» Requirement
Copy, pictures aside: the lines below from the one that holds "Menighedsrådet havde lavet" through the final line of the listing, both ends included, exactly as they are and nothing else.

» Data section
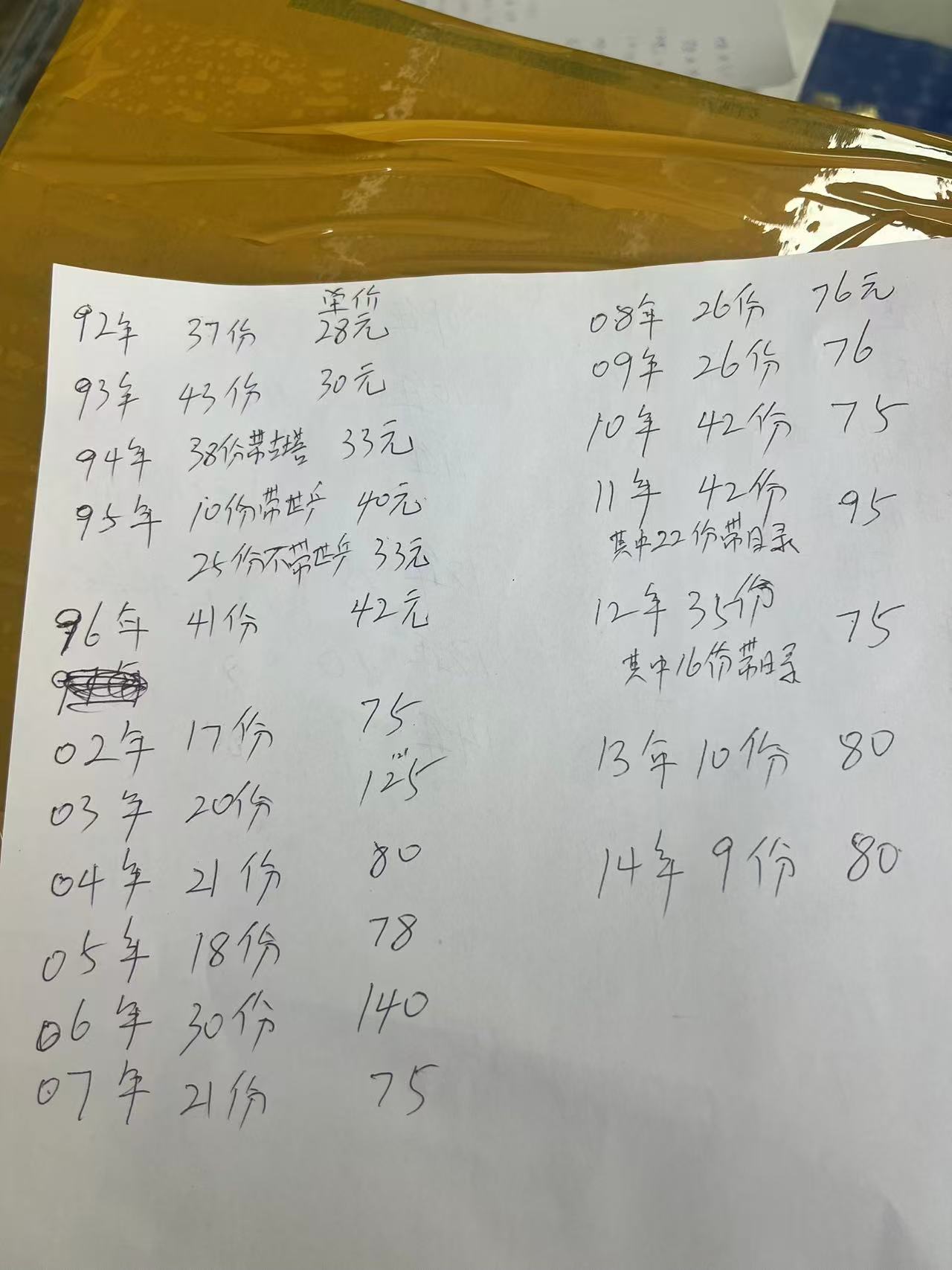 → 出售9 2到 14年份票
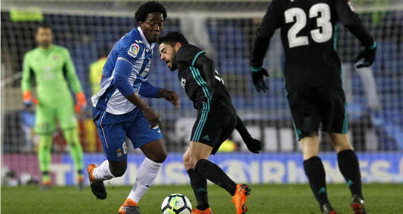 Con una notable actuación del colombiano Carlos Sánchez, el Espanyol de Barcelona cortó una racha de cinco victorias consecutivas del Real Madrid. El equipo catalán se impuso 1 a 0 con un gol en tiempo de descuento de Gerard Moreno. Pasaron 11 años para que el equipo Periquito venciera al club merengue.
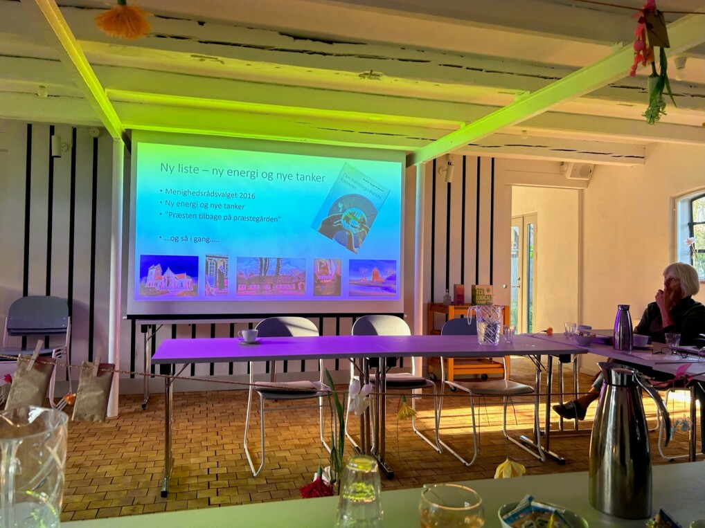 Menighedsrådet havde lavet en flot præsentation med billeder, og jeg kan kun opmuntre andre menighedsråd til at gøre det samme. Det var en flot præsentation, som vil egne sig til at blive brugt til det årlige pligtige menighedsmøde, hvor menighedsrådet skal invitere alle i pastoratet til at høre om, hvad der foregår, og hvad man har af planer for det kommende år.
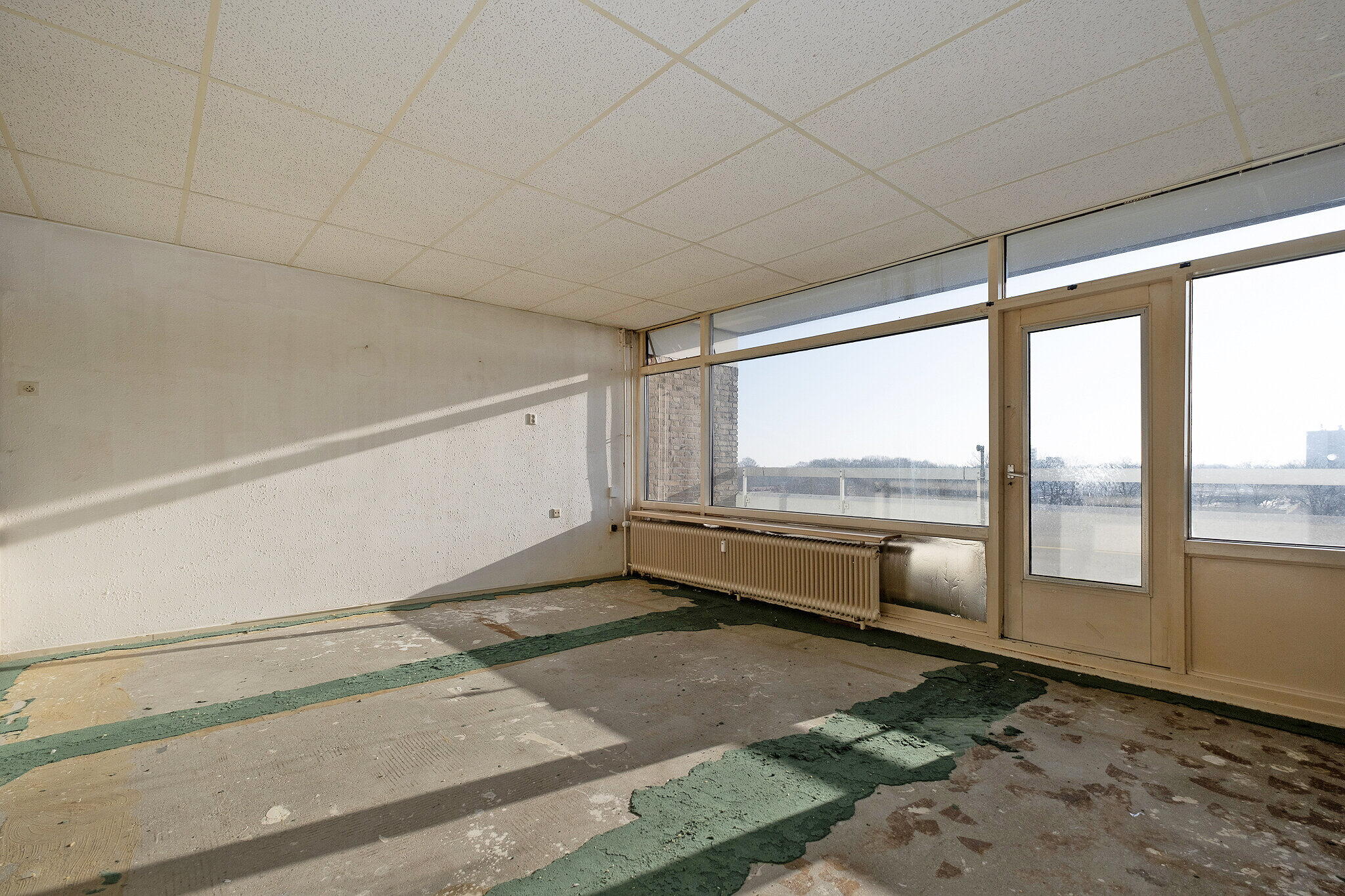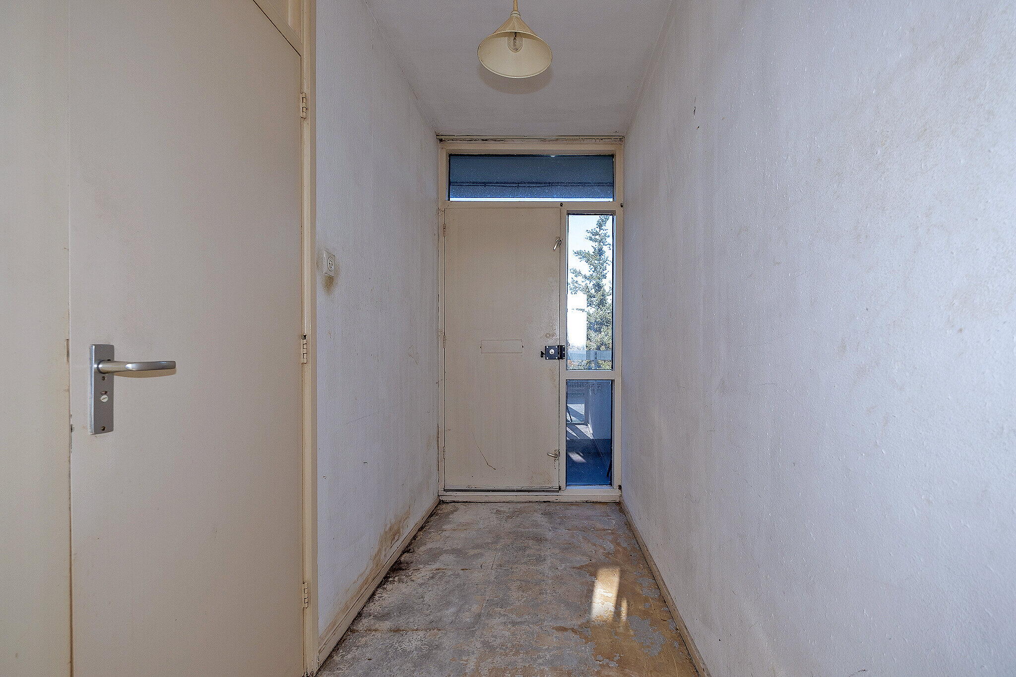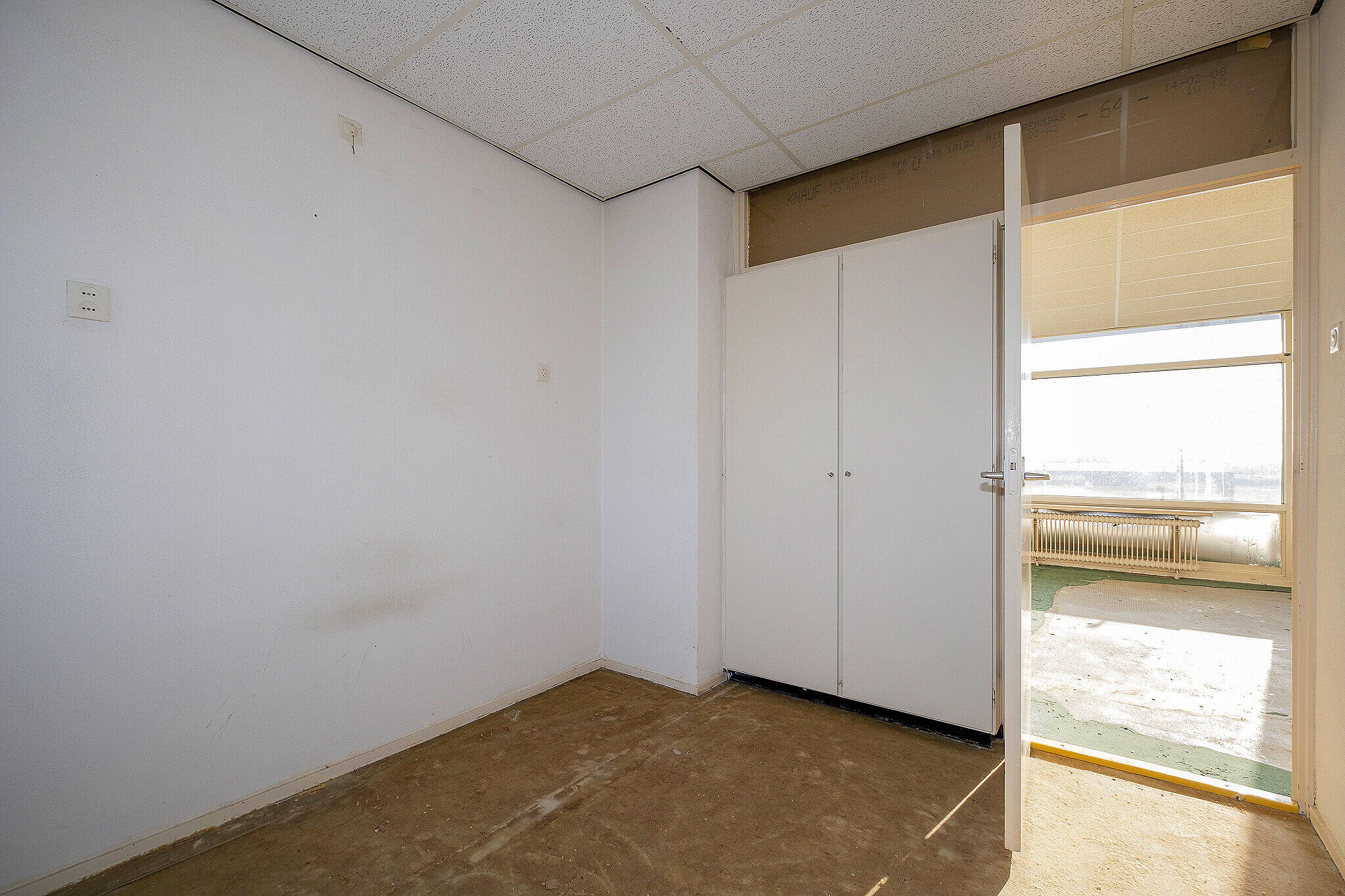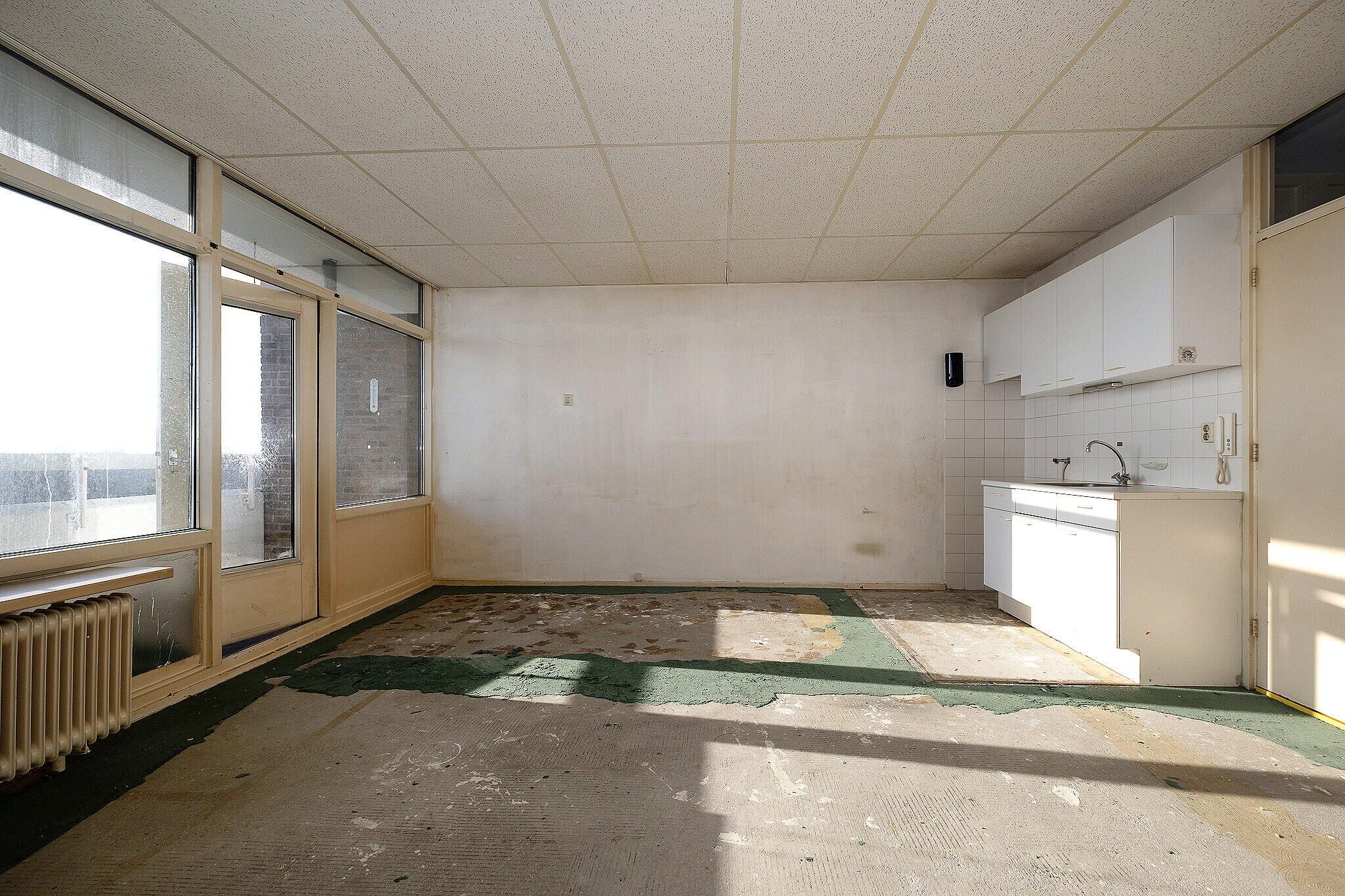 Entree/hal met meterkast. Lichte woonkamer met grote raampartijen en toegang tot het zonnige balkon op het zuiden, waar u geniet van een prachtig uitzicht. Open keuken met eenvoudige keukenopstelling (zonder inbouwapparatuur).

» Answer space
 Menighedsrådet havde lavet en flot præsentation med billeder, og jeg kan kun opmuntre andre menighedsråd til at gøre det samme. Det var en flot præsentation, som vil egne sig til at blive brugt til det årlige pligtige menighedsmøde, hvor menighedsrådet skal invitere alle i pastoratet til at høre om, hvad der foregår, og hvad man har af planer for det kommende år.
 Entree/hal met meterkast. Lichte woonkamer met grote raampartijen en toegang tot het zonnige balkon op het zuiden, waar u geniet van een prachtig uitzicht. Open keuken met eenvoudige keukenopstelling (zonder inbouwapparatuur).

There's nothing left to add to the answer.